1)twist
Zie Ps. 35:1.
 
2)man des
Die met list en onrecht, of verkeerdheid, mij vervolgt en zoekt te overvallen; zodanige zijn geweest Saul met zijne raadslieden en Absalom, enz. Verg. Ps. 5:7.
 
3)in het
Zie Ps. 35:14.
 
4)licht
Te weten, het licht uws aanschijns [gelijk dikwijls, en onder Ps. 44:4], of, uwe gunst en liefde, waardoor de duisternis mijner droefheid en ellende verdreven wordt. Zie Ps. 27:1.
 
5)waarheid
Uwer beloften, die Gij mij gedaan hebt.
 
6)berg uwer
Omdat dit gemeenlijk van den berg Zion [zie Ps. 2:6] genomen wordt, verstaan sommigen dat deze psalm niet bij Sauls tijd, [want de tabernakel was toen daar nog niet] maar in een volgenden tijd gemaakt is, als ten tijde van Absaloms vervolging, enz.
 
7)woningen
Of, tabernakelen; omdat dit woord hier staat in het getal van velen, menen sommigen dat zulks ziet op de verscheidene plaatsen van den godsdienst, bij Sauls en Davids tijd.

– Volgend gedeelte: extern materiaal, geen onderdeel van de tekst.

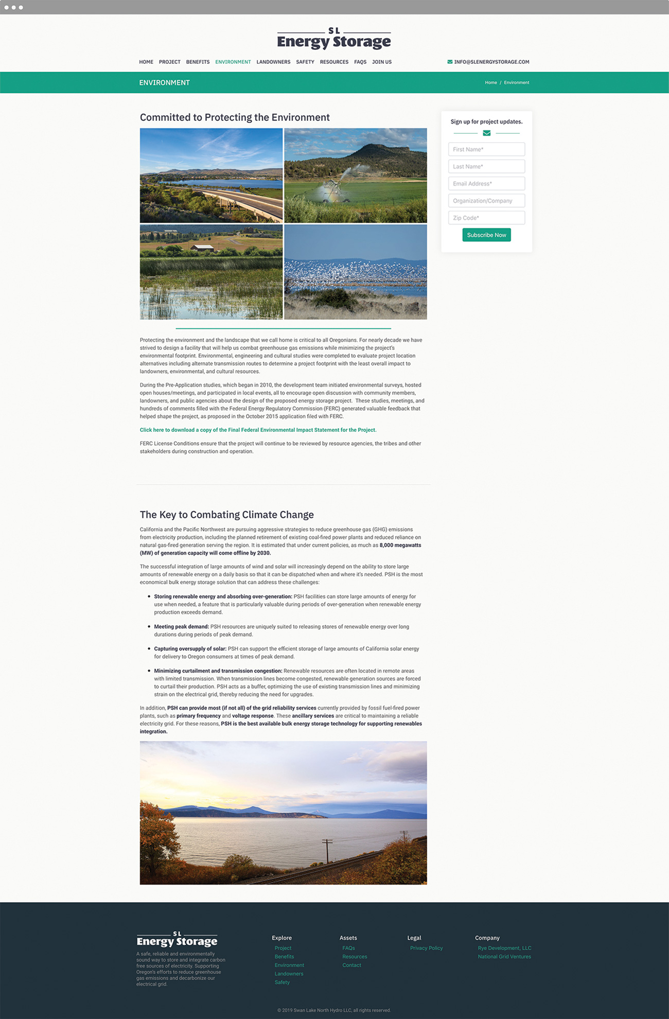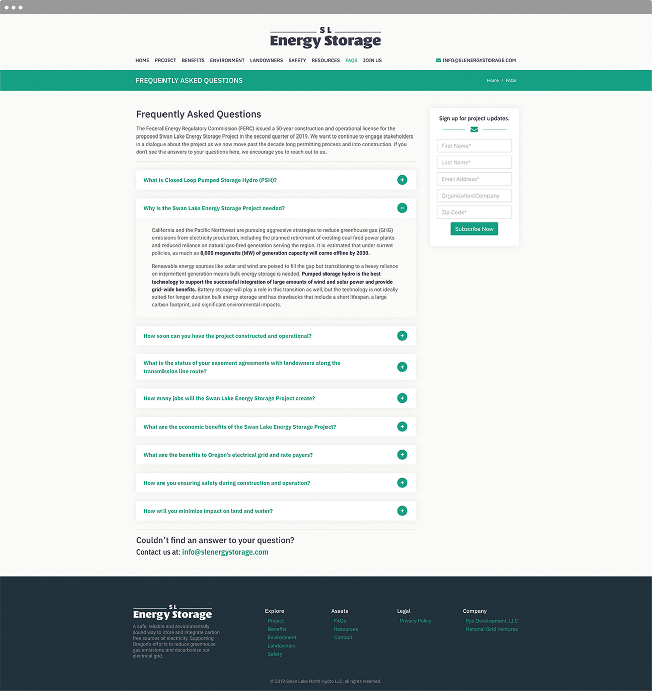 The Swan Lake Energy Storage project was recently granted a federal license for construction/operation in Southern Oregon and needed a website to inform the local community and interested parties on the basics and benefits of the project. The client wanted a site that was easy to use, navigate, understand and give the user a simple way to keep informed on the project going forward.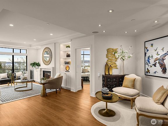 PREMIER LOCATION, CAPTIVATING VIEWS, LUXURY LIVING. Exquisite remodel in award-winning Tiara de Lago’s steel-and-concrete gem in Downtown Kirkland. This 2-bedroom/office home offers an open floor plan with expansive views of parks, lake, mountains & marina. The gourmet kitchen & rooms are masterpieces, featuring custom cabinetry, stunning countertops, premium appliances, luxury features & elegant fixtures throughout, built-ins & California Closets. Expansive windows envelope you in natural light & the stunning urban oasis. Enjoy executive quiet & step-free luxury, safety of keyed elevator, 2 oversized parking spaces & ample storage. Live steps from boutique shops, restaurants, amenities, lake & parks—Pacific Northwest living at its finest!

De plaats van Mozes' tabernakel was te Nob, en daarna te Gibion; 1 Sam. 21:1; 1 Kon. 3:4, en 1 Kron. 16:39. De plaats der ark was te Kirriath Jearim, totdat David haar vandaar haalde in Zion, 1 Sam. 7:1,2, en 2 Sam. 6:3,4. Anderen verstaan dat het eenvoudiglijk ziet op de verscheidene woningen van Gods hius, als het allerheiligste, heilige en den voorhof, enz. Verg. Ps. 46:5, en Ps. 84:2.
 
8)altaar
Het brandofferaltaar.
 
9)der blijdschap
Dat is, die mij oorzaak geeft van zonderlinge grote vreugde, inwendiglijk in mijn hart en uitwendiglijk in gebaren van blijdschap.
 
10)buigt
Uit de gelijkheid der woorden, die in dezenen den voorgaanden psalm gevonden wordt, nemen enigen af dat deze psalmen beiden op één tijd, of immers in gelijken toestand van David gemaakt zijn, als wanneer hij moest vluchten, eerst voor Saul en daarna voor Absalom.
 
11)menigvuldige
Gelijk Ps. 42:12; zie de aantekening aldaar.